Intraclass correlation coefficients (ICCs) are a commonly used metric in test-retest reliability research to assess a measure's ability to quantify systematic between-subject differences. However, estimates of between-subject differences are also influenced by factors including within-subject variability, random errors, and measurement bias. Here, we use data collected from a large online sample (N = 150) to (1) quantify test-retest reliability of behavioural and computational measures of reversal learning using ICCs, and (2) use our dataset as the basis for a simulation study investigating the effects of sample size on variance component estimation and the association between estimates of variance components and ICC measures. In line with previously published work, we find reliable behavioural and computational measures of reversal learning, a commonly used assay of behavioural flexibility. Reliable estimates of between-subject, within-subject (across-session), and error variance components for behavioural and computational measures (with ± .05 precision and 80% confidence) required sample sizes ranging from 10 to over 300 (behavioural median N: between-subject = 167, within-subject = 34, error = 103; computational median N: between-subject = 68, within-subject = 20, error = 45). These sample sizes exceed those often used in reliability studies, suggesting that sample sizes larger than are commonly used for reliability studies (circa 30) are required to robustly estimate reliability of task performance measures. Additionally, we found that ICC estimates showed highly positive and highly negative correlations with between-subject and error variance components, respectively, as might be expected, which remained relatively stable across sample sizes. However, ICC estimates were weakly or not correlated with within-subject variance, providing evidence for the importance of variance decomposition for reliability studies.

查看原文本刊更多论文

在估计行为的重测信度时，样本量很重要。

类内相关系数（ICCs）是测试-重测信度研究中常用的度量，用于评估测量方法量化系统受试者间差异的能力。然而，受试者间差异的估计也受到受试者内变异性、随机误差和测量偏差等因素的影响。在这里，我们使用从大型在线样本（N = 150）收集的数据来(1)量化使用ICC的逆转学习行为和计算度量的测试-重测可靠性，(2)使用我们的数据集作为模拟研究的基础，调查样本量对方差成分估计的影响以及方差成分估计与ICC度量之间的关联。与先前发表的工作一致，我们发现了可靠的行为和计算方法的逆转学习，一种常用的行为灵活性分析。受试者间、受试者内（跨时段）的可靠估计，以及行为和计算测量的误差方差成分(±。05精度和80%置信度)需要的样本量范围从10到300以上(行为中位数N：受试者之间= 167，受试者内部= 34，误差= 103；计算中位数N: between-subject = 68, within-subject = 20, error = 45)。这些样本量超过了可靠性研究中经常使用的样本量，这表明需要比通常用于可靠性研究的样本量更大（大约30个）来稳健地估计任务绩效测量的可靠性。此外，我们发现ICC估计分别与主体和误差方差成分呈高度正相关和高度负相关，正如预期的那样，在不同的样本量上保持相对稳定。然而，ICC估计值与主体内方差的相关性较弱或不相关，这为方差分解对可靠性研究的重要性提供了证据。

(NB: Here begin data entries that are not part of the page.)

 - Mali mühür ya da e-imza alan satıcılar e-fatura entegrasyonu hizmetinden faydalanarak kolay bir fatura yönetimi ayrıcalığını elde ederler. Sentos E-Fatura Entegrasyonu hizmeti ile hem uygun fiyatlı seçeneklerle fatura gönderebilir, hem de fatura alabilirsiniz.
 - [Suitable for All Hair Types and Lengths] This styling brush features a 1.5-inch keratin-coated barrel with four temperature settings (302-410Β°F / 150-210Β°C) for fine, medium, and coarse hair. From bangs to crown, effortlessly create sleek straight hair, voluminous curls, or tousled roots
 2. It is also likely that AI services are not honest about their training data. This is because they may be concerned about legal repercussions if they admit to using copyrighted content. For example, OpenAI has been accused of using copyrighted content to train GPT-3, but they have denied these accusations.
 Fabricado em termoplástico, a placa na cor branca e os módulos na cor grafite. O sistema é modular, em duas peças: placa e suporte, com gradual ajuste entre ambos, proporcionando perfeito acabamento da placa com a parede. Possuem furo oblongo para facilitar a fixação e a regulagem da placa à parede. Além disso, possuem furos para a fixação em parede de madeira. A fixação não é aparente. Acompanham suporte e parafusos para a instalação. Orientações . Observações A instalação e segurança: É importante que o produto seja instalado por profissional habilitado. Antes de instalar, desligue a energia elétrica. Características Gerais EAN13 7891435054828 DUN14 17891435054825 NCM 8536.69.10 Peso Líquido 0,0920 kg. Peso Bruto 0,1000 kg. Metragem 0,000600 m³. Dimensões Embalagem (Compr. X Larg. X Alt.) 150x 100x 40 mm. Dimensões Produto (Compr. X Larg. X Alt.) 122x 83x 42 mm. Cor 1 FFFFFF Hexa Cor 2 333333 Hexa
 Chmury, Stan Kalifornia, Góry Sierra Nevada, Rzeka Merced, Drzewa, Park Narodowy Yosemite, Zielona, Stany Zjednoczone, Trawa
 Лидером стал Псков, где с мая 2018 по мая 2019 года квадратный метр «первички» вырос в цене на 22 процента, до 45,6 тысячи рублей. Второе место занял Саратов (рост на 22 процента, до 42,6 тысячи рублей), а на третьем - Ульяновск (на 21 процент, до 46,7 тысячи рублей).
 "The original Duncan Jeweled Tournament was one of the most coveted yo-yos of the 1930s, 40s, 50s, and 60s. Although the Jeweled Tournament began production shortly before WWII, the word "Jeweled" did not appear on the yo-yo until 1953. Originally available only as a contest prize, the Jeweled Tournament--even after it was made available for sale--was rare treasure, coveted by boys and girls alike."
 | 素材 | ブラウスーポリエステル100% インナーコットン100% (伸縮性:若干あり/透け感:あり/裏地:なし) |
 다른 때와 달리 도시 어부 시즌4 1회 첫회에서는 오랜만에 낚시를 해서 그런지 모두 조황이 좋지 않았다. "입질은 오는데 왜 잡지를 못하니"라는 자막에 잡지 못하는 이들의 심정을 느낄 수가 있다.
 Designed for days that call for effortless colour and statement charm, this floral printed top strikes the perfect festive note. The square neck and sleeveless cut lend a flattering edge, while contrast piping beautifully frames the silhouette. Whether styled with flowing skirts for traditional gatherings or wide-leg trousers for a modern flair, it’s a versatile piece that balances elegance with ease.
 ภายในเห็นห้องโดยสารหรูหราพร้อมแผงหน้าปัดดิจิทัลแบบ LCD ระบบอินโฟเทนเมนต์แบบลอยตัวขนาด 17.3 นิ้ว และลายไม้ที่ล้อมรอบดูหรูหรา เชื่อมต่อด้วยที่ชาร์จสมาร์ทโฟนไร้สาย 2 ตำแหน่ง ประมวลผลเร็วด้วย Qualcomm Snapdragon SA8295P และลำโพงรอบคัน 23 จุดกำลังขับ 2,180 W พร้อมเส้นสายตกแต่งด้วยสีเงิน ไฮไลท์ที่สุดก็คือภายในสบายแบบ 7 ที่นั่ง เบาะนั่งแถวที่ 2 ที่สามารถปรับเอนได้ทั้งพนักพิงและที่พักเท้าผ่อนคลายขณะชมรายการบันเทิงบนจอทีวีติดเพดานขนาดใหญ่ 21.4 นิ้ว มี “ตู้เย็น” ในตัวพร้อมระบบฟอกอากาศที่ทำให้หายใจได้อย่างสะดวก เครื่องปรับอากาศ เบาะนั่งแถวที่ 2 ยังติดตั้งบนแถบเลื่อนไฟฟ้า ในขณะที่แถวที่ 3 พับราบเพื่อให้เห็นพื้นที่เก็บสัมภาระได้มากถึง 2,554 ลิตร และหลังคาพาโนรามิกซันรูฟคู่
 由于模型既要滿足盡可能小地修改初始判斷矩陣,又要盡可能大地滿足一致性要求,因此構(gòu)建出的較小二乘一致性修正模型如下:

本文章由计算机程序翻译，如有差异，请以英文原文为准。

求助全文

约1分钟内获得全文求助全文

来源期刊

Behavior Research Methods Multiple-

CiteScore

10.30

自引率

9.30%

发文量

266

期刊介绍： Behavior Research Methods publishes articles concerned with the methods, techniques, and instrumentation of research in experimental psychology. The journal focuses particularly on the use of computer technology in psychological research. An annual special issue is devoted to this field.